Among the physiological and biochemical changes that occur while ripening, the chloroplast to chromoplast transition is the most obvious and eye-catching because it implies change in fruit color due to the massive chlorophyll degradation and accumulation of large amounts of carotenoids within the plastids (Egea et al.,2010). When tomato cvs. “Micro-Tom” and “Minitomato” mature green fruits were removed from four weeks storage at 4◦C, they remained green indicating that the changes in the structure, morphology and composition of the plastids stopped at 4◦C. Tomato cv. “Micro-Tom” fruit was able to resume the ripening program while tomato cv. “Minitomato” fruit failed (Fig. 1).
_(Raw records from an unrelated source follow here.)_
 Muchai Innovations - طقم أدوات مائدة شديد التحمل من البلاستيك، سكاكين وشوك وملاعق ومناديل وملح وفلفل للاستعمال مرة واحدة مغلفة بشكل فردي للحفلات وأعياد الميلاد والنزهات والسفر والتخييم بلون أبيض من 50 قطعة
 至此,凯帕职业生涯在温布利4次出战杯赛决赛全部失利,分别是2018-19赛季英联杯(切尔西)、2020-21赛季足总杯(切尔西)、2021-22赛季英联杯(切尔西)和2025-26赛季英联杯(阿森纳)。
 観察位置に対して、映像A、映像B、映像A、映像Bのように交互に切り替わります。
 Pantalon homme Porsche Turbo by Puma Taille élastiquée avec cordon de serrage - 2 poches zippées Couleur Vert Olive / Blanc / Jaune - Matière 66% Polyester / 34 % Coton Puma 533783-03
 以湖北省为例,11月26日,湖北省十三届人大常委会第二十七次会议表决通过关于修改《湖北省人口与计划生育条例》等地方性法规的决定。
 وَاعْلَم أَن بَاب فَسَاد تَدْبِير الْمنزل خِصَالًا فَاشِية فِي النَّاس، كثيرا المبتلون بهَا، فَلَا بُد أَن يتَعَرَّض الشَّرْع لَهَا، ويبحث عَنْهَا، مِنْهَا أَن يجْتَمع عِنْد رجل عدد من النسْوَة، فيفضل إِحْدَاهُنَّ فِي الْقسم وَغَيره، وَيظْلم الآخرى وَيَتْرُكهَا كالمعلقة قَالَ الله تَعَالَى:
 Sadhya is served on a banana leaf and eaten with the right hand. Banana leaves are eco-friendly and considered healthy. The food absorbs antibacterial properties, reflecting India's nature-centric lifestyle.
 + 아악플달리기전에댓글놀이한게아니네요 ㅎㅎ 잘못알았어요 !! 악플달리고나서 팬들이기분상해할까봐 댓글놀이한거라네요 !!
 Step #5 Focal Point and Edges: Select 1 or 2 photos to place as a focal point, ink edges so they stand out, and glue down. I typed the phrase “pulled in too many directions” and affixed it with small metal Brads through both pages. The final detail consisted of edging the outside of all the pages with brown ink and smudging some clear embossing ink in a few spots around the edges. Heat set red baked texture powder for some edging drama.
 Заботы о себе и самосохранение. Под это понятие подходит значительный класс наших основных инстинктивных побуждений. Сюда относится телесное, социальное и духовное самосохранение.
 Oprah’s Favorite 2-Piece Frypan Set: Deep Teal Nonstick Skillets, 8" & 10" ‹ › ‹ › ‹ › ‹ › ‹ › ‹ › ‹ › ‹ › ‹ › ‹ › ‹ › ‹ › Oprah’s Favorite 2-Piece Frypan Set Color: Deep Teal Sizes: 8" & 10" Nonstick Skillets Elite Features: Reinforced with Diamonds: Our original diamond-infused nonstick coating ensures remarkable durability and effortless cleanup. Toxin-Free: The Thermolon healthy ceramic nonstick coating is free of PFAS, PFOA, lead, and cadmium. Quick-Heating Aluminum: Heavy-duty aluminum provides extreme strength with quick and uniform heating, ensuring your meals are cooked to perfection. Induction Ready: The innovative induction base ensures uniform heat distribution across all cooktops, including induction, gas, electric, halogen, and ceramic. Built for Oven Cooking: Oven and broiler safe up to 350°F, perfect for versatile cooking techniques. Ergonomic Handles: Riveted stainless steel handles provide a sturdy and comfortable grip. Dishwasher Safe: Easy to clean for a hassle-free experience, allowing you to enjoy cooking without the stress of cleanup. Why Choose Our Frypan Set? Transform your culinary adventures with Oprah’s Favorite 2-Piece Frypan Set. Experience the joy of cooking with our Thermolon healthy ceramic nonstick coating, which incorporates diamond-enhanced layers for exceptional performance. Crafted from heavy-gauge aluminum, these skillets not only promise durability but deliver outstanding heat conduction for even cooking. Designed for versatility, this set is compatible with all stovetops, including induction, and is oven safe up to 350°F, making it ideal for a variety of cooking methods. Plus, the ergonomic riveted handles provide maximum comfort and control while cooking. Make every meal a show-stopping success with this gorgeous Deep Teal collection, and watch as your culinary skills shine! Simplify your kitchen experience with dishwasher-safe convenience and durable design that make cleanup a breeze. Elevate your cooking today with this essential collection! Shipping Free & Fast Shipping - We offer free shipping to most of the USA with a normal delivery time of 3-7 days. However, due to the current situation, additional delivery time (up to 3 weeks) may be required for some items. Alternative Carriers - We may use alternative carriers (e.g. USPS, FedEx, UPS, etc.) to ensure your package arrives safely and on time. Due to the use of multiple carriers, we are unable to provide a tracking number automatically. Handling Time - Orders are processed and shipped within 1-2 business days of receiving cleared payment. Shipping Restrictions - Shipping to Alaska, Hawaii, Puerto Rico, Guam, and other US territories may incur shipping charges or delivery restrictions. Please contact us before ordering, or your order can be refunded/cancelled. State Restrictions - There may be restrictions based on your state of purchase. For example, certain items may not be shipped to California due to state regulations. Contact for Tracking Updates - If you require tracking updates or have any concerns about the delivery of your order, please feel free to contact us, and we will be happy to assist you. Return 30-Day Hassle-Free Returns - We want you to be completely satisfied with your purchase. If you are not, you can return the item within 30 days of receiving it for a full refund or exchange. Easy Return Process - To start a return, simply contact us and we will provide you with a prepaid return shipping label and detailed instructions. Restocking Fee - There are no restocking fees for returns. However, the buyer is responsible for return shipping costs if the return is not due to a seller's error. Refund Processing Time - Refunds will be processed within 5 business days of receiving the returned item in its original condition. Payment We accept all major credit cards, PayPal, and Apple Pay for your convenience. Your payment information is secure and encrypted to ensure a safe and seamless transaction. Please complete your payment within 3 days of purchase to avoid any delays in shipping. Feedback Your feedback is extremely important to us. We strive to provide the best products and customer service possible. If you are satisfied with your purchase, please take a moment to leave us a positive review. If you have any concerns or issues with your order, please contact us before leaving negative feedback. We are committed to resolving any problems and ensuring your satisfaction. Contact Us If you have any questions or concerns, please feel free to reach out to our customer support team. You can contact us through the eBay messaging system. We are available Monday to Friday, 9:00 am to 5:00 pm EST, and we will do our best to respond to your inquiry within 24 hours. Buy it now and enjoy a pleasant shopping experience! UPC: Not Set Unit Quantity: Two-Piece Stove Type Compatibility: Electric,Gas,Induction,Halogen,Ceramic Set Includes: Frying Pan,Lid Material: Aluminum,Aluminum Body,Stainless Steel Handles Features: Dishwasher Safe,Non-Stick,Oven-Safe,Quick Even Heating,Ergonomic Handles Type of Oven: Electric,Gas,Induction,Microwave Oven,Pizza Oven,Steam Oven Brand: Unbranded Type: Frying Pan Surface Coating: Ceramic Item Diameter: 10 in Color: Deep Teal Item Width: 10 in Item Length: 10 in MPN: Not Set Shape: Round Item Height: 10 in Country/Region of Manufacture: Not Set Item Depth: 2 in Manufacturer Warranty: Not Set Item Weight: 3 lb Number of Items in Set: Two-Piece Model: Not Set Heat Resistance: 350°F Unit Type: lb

This transition is complex and highly regulated, and it was affected by harvest and chilling as it was observed in the length of time between the different ripening stages (Fig. 5). Rch and Roff failed to attain full red color showing that also the color development was affected. The chilling storage of the green mature fruit caused a discoloration in the fruit that seemed to be the same effect observed by in the fruit ripened off the vine. Changes in the color development in tomato resulting from chilling have been reported by other authors (Biswaset al., 2012; Rugkong et al., 2011). Besides the color, only smell was altered by chilling (Table 4) when compared with non chilled fruits.